Kann mir jemand verraten wie man ein Foto mit Photoshop auf schnellstem Weg in ein Bild, wie das beigefügte umwandeln kann.
Hatte diese Vermutung: Gesicht (Person) aus Foto freistellen, Kontrast möglichst erhöhen.
farbbereich auswählen. Vieleicht 2-3 Selektionen. Und diese durch gewünschte Farbe erstetzen. hintergrund dann nach belieben.
Oder geht das ganze auch über irgendeine Filterfunktion? Muß dazu sagen, daß ich nur die Version 6.0 von Photoshop habe.


----------



## Philip Kurz (20. Oktober 2006)

Ein Filter für explizit diesen Effekt kenne ich nicht. Aber prinzipiell bist du da auf dem richtigen Weg.

Als Vorlage könntest du bspw. die Tontrennung verwenden. Da das Ergebnis recht grob ist, würde ich dir empfehlen die entstandenen Flächen mit dem Zeichenstift nachzuzeichnen.

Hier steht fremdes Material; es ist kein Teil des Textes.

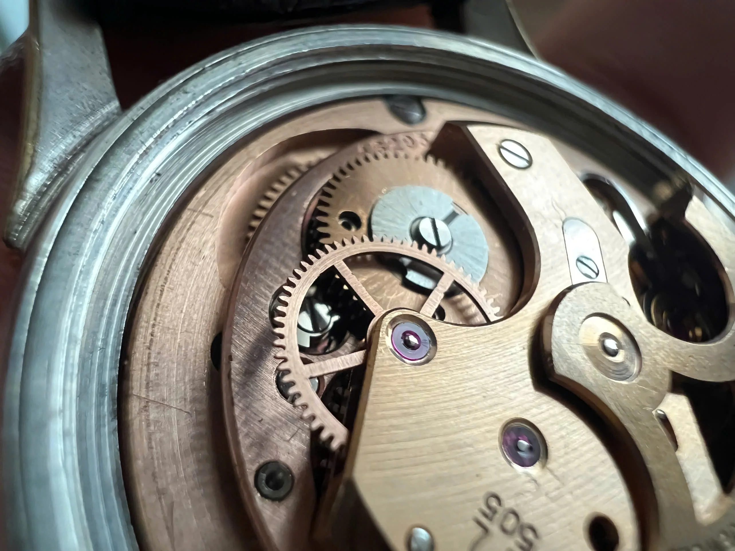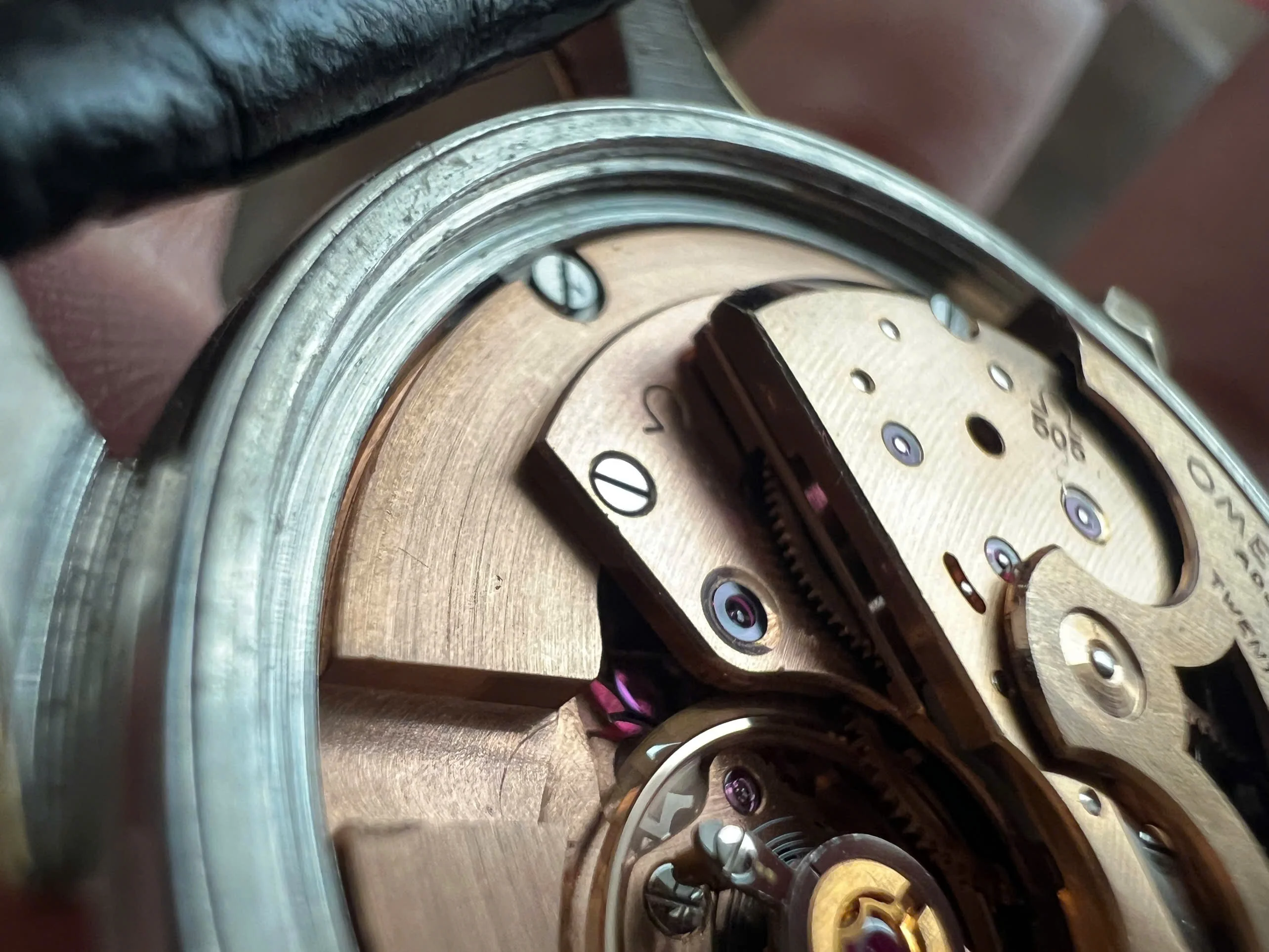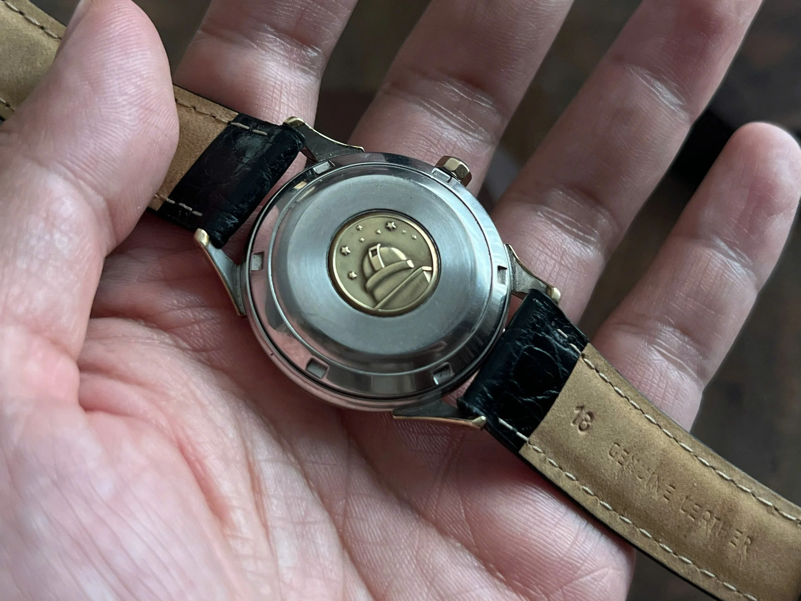 Movement: Omega Chronometer Cal. 505 with serial number dates it to 1958; the watch is running; winding feels smooth with unknown service.

Vielleicht suchst du hier im Forum einfach noch nach "Schwellenwert" oder "Tontrennung". Da ergeben sich mit Sicherheit ein paar nette Tipps. 

Grüße

Philip

/update

http://www.tutorials.de/forum/photoshop-tutorials/211424-schablonengraffitis-photoshop.html
http://www.tutorials.de/forum/photoshop/236853-photoshop-frage.html


----------



## digital art (25. Oktober 2006)

vielleicht mit:
Bild / Anpassen / Tonntrennung

Grüße


----------



## Philip Kurz (25. Oktober 2006)

digital art hat gesagt.:


> vielleicht mit:
> Bild / Anpassen / Tonntrennung





Philip Kurz hat gesagt.:


> ...Als Vorlage könntest du bspw. die Tontrennung verwenden. ... Vielleicht suchst du hier im Forum einfach noch nach ... "Tontrennung".



... hm.  

Ich würde allerdings die Tontrennung via Einstellungsebene empfehlen, da dort nicht das Ausgangsbild bearbeitet wird und der Effekt noch flexibel angepasst werden kann.

Grüße

Philip


----------